Go / No-Go Decisions
E&P projects are often related to execution decision gates as a means of de-risking a project. The most typical example is an Explore-Appraise-Develop execution path, where an exploration well is drilled, and if that well reveals hydrocarbons, a decision is made to proceed with Appraisal (Go) or exit (No-Go). Similarly with Appraisal: if the appraisal program results in a certain volume of hydrocarbons, the decision is made to proceed with Development or to stop.
Figure 1: Typical Decision Gates for Explore, Appraise and Develop
More complex examples also exist. Complex multiple pilot programs are a good example, whereby a path to a large development scale-up might be made through several pilot programs that progressively get bigger (and more expensive) as they proceed.
Often, the question in this type of development is one of value of information, whether the risk reduction of the series of pilots is worth the cost, and so often, a number of alternatives need to be investigated using different combinations of possible pilots.
Typically these types of questions are addressed by decision trees. The challenge here is they can become very large, especially when an integrated approach is required (and it usually is) that accounts for all of the other uncertainties surrounding the decision, in addition to the one decision being investigated by the pilot testing. In such a case, a decision tree approach can become very cumbersome due to the large number of end nodes (thousands or tens of thousands) leaving the analyst to revert to shortcuts, which can detract from a full understanding of the full range of possible outcomes.
Figure 2: Simple Decision Tree with only eight end nodes
The PetroVR Solution
PetroVR is a discrete event simulator with a powerful built-in scheduling capability that allows for modeling exactly how a developer would envisage developing the project over time. With this, PetroVR helps take a more natural and intuitive approach to modeling decisions rather than the traditional decision tree methodology. The decisions are modeled right into the schedule at the point in time when they are to be made. Logic can be attributed to each decision event based on how it would actually be made, given the information value measure that is available at that time.
Logic can be attributed to each decision event right in the model, just as
the decision would be made in real time
Let's take the simple example of a Decision Tree shown above and show how easy it is to conceptualize and model in PetroVR. The first activity on the schedule is Exploration. After that, a decision is made and modeled right into the schedule itself. The decision to be made is: if the exploration well is a success (hydrocarbons present) then proceed with the next activity (Appraisal), and if not stop the project.
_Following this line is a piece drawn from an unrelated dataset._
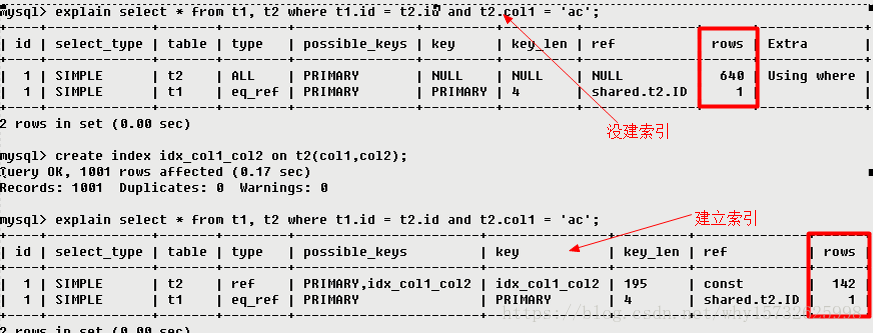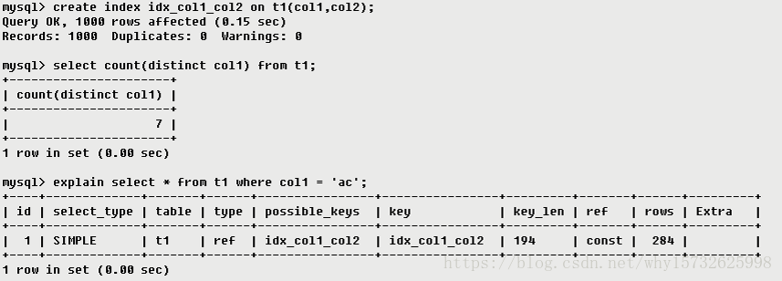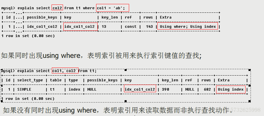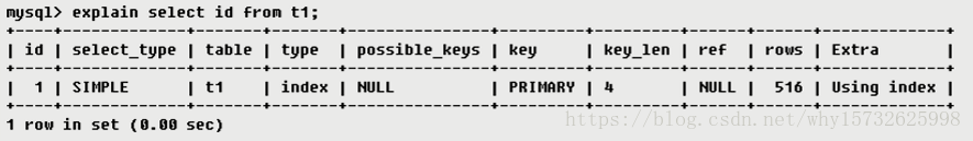 - 查询中若使用了覆盖索引(select 后要查询的字段刚好和创建的索引字段完全相同),则该索引仅出现在key列表中

In the next activity, Appraisal, a second decision is modeled into the schedule after that activity. In this case: if reserves > minimum economic cutoff volume then proceed with next activity, if not, stop the project. The next activity is an extended production test, and the decision after that is based on the outcome of the test, build small, medium or large facilities.
As can be seen by this workflow, in PetroVR it is simple and easy to build any number of decisions right into the schedule and let the PetroVR simulator take care of the outcomes and decision paths through it's powerful combination of a time event simulator together with uncertainty characterization via Monte Carlo simulation. The analyst must only capture a relatively few number of decisions, and PetroVR calculated all possible outcomes, rather than in a decision tree world where every outcome (many) must be calculated through manually. This saves the analyst a significant amount of time, and is much less error prone.
Here is how it might look in PetroVR:
Figure 3: Decisions modeled into a PetroVR Schedule
How It Works
- The range of uncertainty is expressed by the analyst for each of the inputs.
- This uncertainty range is sampled by the Monte Carlo simulation and the decision tests are performed. If the sample passes the test, the next phase is executed, if the sample fails the test, then the project is stopped and there is an exit. An example of a fully successful exploration, appraisal and piloting program, as well as a couple of failure cases that lead to project exit, are shown below.
- An Expected Monetary Value (EMV) for the test program is established by repeated simulation runs. In each run, the appropriate decision path is followed on the basis of the sampled values of all model uncertainties.
Simulation Schedules (Figs. 4a - 4c) reveal one sample that passes all decisions, a second that fails at the first decision gate, and a third that fails at the second decision gate.
Compared to decision trees, a discrete event simulator can save a significant amount of modeling time and is much less error prone. PetroVR takes a natural and intuitive approach to modeling decisions, where decisions are modeled directly into the schedule at the point in time when they are to be made. Logic is attributed to each decision event based on how it would actually be made, given the information value measure available at that time.